What does ‘orthogonal’ mean in a statistics context?



I have tried many times to understand this and thus far failed every time. What does it mean to say that data is orthogonal? Can you provide an example of data that would be orthogonal versus data that would not be orthogonal?

In: Mathematics

Simply put, orthogonality means “uncorrelated.” An orthogonal model means that all independent variables in that model are uncorrelated. If one or more independent variables are correlated, then that model is non-orthogonal.


I like to remember it by thinking about what does “orthogonal” mean in geometry. Two lines are orthogonal if they have are 90 degrees from each other in euclidian (x and y) space.

The way you represent variables in the math of statistics is in a surface of multiple variables (let’s just think of two to make it simple). If I can chart one variable along the x axis and one on the y axis, then the math becomes much simpler because I don’t have to take into account the relationship between the two.
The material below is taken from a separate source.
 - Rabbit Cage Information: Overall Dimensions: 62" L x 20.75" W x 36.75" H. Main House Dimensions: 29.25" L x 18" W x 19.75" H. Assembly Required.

That means your variables are orthogonal and you can simplify the equations.

Independent, unrelated.

For example, whether someone likes cats or dogs more is (probably, didn’t check) orthogonal to their body weight, but weight is correlated with overall health status.
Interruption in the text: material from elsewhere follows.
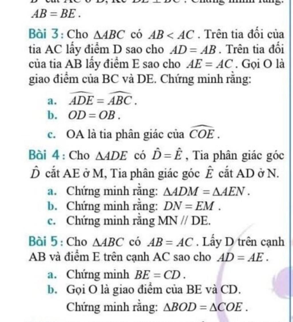 Bài 3: Cho A4BC có AB< AC . Trên tia đối của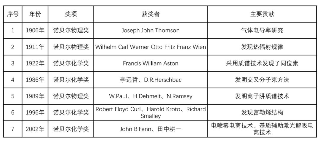 表1 與質譜原理及技術發展相關的諾貝爾獎項

Orthogonal means that the two datasets do not share any common factor that might lead to them being correlated. This is usually a consideration when you are using 2 different datasets or experiments to bolster your confidence in the result.

As an example, you might say ‘men and clumsier than women because they tend to bang their head a lot on doorframes’.

You measured this by looking at dents on doorframes used by males, and also by looking at concussion statistics in hospitals. On the outset, these seem very different datasets…so you might think that if they both gave you the same result, your conclusion is very robust.

But the hidden factor here is that men are generally taller than women and have slightly thicker skulls/mass. So it is likely that they dent doorframes more often and also end up at the hospital more often. Thus the datasets are not orthogonal …dents in doorframes and concussions at rhe hospital are dependent on each other through height. So in fact you are sort of measuring the same thing in the 2 apparently different datasets…they do not contain any additional information. Sort of like saying the glass is half full and then saying the glass is empty. It does not increase your confidence in your result, because the data is not orthogonal.